- #1
Dustinsfl
- 2,281
- 5
$$
\int (\ln x)^pdx, \quad p > 0
$$
How do I go about integrating this?
\int (\ln x)^pdx, \quad p > 0
$$
How do I go about integrating this?
Ackbach said:Is $p$ an integer? If so, then you could do $u=\ln(x)$, which leads to
$$\int u^{p}e^{u}\,du,$$
which succumbs to by-parts as many times as you need. I'd recommend tabular integration in that case. If $p$ can be real, you get something a bit more nasty, with the incomplete Gamma function in there. I don't know how you get that result. I'd have to study a bit.

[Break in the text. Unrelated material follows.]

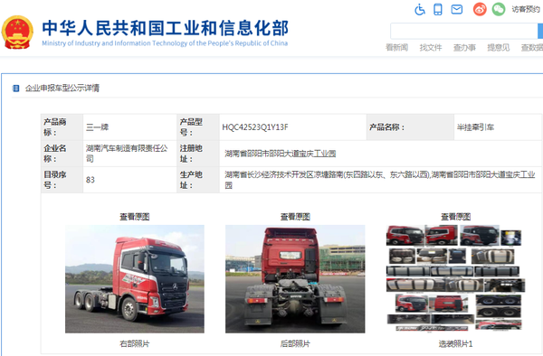 【卡车之家 原创】通过查询国家工信部第342批公告,笔者在其中也是发现了一款三一重卡牵引车的申报信息。该申报公示车型主要是在动力上为用户提供了更多选择,让我们一看究竟。

The purpose of integrating Ln $(x)^p$ is to find the antiderivative of a function that includes the natural logarithm raised to a power. This allows us to evaluate the area under the curve of the function, which is useful in many mathematical and scientific applications.
The first step in integrating Ln $(x)^p$ is to use the power rule to bring the exponent down in front of the natural logarithm. Then, we can use the formula for integrating Ln $x$ to solve the integral. Finally, we substitute the original value of $x$ back into the equation to find the definite integral.
The power rule for integrating Ln $(x)^p$ states that the integral of Ln $(x)^p$ is equal to $x^p \ln x - \frac{x^p}{p+1} + C$.
For example, if we want to integrate Ln $(x)^3$, we first use the power rule to bring the exponent down: $3 \cdot$ Ln $x$. Then, we use the formula for integrating Ln $x$: $x \ln x - x + C$. Finally, we substitute the original value of $x$ back into the equation to find the definite integral.
Yes, there are two special cases when integrating Ln $(x)^p$: when $p = 0$ and when $p = 1$. When $p = 0$, the integral simplifies to just $x + C$. When $p = 1$, the integral becomes $x \ln x - x + C$. It is important to be aware of these special cases when integrating Ln $(x)^p$.